Python Web Proxy Convinces Sonos To Stream YouTube

[Maurice-Michel Didelot] owns a Sonos smart speaker, and was lamenting the devices inability (or plain unwillingness) to stream music from online sources without using a subscription service. YouTube Music will work, but being a subscription product there is a monthly fee, which sucks since you can listen to plenty of content on YouTube for free. [Maurice] decided that the way forward was to dig into how the Sonos firmware accesses ‘web radio’ sources, and see if that could be leveraged to stream audio from YouTube via some kind of on-the-fly stream conversion process.

What? No MP4 support for web radio? Curses!

So let’s dig in to how [Maurice] chose to approach this. The smart speaker can be configured to add various streaming audio sources, and allows you add custom sources for those. The Sonos firmware supports a variety of audio codecs, besides MP3, but YouTube uses the MP4 format. Sonos won’t handle that from a web radio source, so what was there to do, but make a custom converter?

After a little digging, it was determined that Sonos supports AAC encoding (which is how MP4 encodes audio) but needs it wrapped in an ADTS (Audio Data Transport Stream) container. By building a reverse web-proxy application, in python using Flask, it was straightforward enough to grab the YouTube video ID from the web radio request, forward a request to YouTube using a modified version of pytube tweaked to not download the video, but stream it. Pytube enabled [Maurice] to extract the AAC audio ‘atoms’ from the MP4 container, and then wrap them up with ADTS and forward them onto the Sonos device, which happily thinks it’s just a plain old MP3 radio stream, even if it isn’t.

Sonos doesn’t have the best reputation, let’s say, but you can’t deny that there’s some pretty slick tech going on inside. Here’s a neat hack we covered last year, adding Sonos support to an old school speaker, and a nice teardown of a IKEA Sonos-compatible unit, which uses some neat design hacks.

Thanks [mip] for the tip!

Featured image by Charles Deluvio on Unsplash.

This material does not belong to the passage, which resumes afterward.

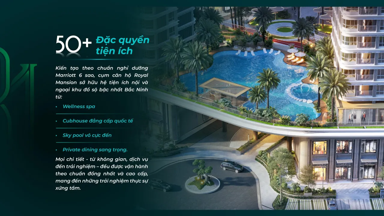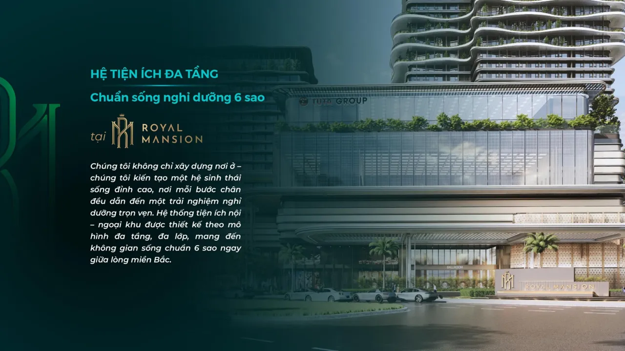 Royal Mansion Tower – 4 tòa tháp căn hộ cao cấp biểu tượng kiến trúc Paris tráng lệ lần đầu tiên xuất hiện tại Bắc Giang, nơi hội tụ của các thương hiệu quốc tế hàng đầu như: Marriott – Tập đoàn Khách sạn lớn nhất thế giới từ Hoa Kỳ, Aedas (Anh) – Đơn vị thiết kế kiến trúc top 5 thế giới, cùng thiên đường mua sắm hoành tráng nhất, vui chơi giải trí, chăm sóc sức khoẻ cao cấp bậc nhất như: trung tâm hội nghị quốc tế với sức chứa trên 2000 chỗ ngồi, E-casino đầu tiên, khu vui chơi giải trí, những con phố hàng hiệu… ngay trung tâm thành phố Bắc Giang.

22 thoughts on “Python Web Proxy Convinces Sonos To Stream YouTube

    1. Yes it is, and I think it’s a great article. thanks for sharing the details. I’ve no experience how to do this from scratch and since I have Sonos 5’s i’ll be trying to emulate your results. I was so impressed when I got the speakers and replaced my medicore system and enjoyed the interface with its limitations until they changed it and my ux went to sh#t bcos basic things like creating groups kept failing or failure to play iradio as my alarm.

      1. Get a raspberry pi and install Logitech Media Server (LMS), this will control the alarms and play the play the music from any source. You can use an app such as Squeezer on your phone to manage the lot. It also allows you to sync multiple speakers. There are several guides online on how to pair a Sonos speaker to LMS.

  1. Yeah this is cool. But would be way better if it grabbed the audio stream from the PC. Then it would play anything you could want(probably with some lag).
    Currently I have a Sonos sound bar at my desk which accepts optical inputs. Then a converter to convert analog to optical. Works great and no noticeable latency

      1. You can ditch the Five and just use the TuneBlade app on your PC to stream audio over the network. Best $10 I ever spent. If you set the buffer to zero milliseconds, it’s pretty lag free. I watch video on my PC and the audio syncs well when streaming to my Sonos.

  2. I’ve found Logitech Media Server (LMS) running on a raspberry pi a pretty useful tool in this regard. There’s a YouTube plugin amongst others. The upnp/dlna bridge plugin takes care of the Sonos side of things and most other devices too. The material skin plugin gives it a nice modern look too.

      1. The beam works very well doing this. No need for extra audio input. Also a great app for YouTube on Sonos without a TV is the Sonotube on the official app-/playstore. Trial and then one payment of somewhere around $5-10 and you good to go

  3. Can Anyone here please break this down for the dummies like me who have ZERO idea how to actually DO this! No PC here just android phone and ipad and a sonos Play 1. Make it clear and you might help someone less blessed with um “tech-telligence” cheers… Much obliged

  4. One can also use Streamlink with streamlinksrv or liveproxy working on many Python capable machines (computer, OpenWRT router, Enigma2 set top box, etc.) to get a constant stream URL for websites, streams that use variable stream URL addresses (including tokens, expiration time, etc.).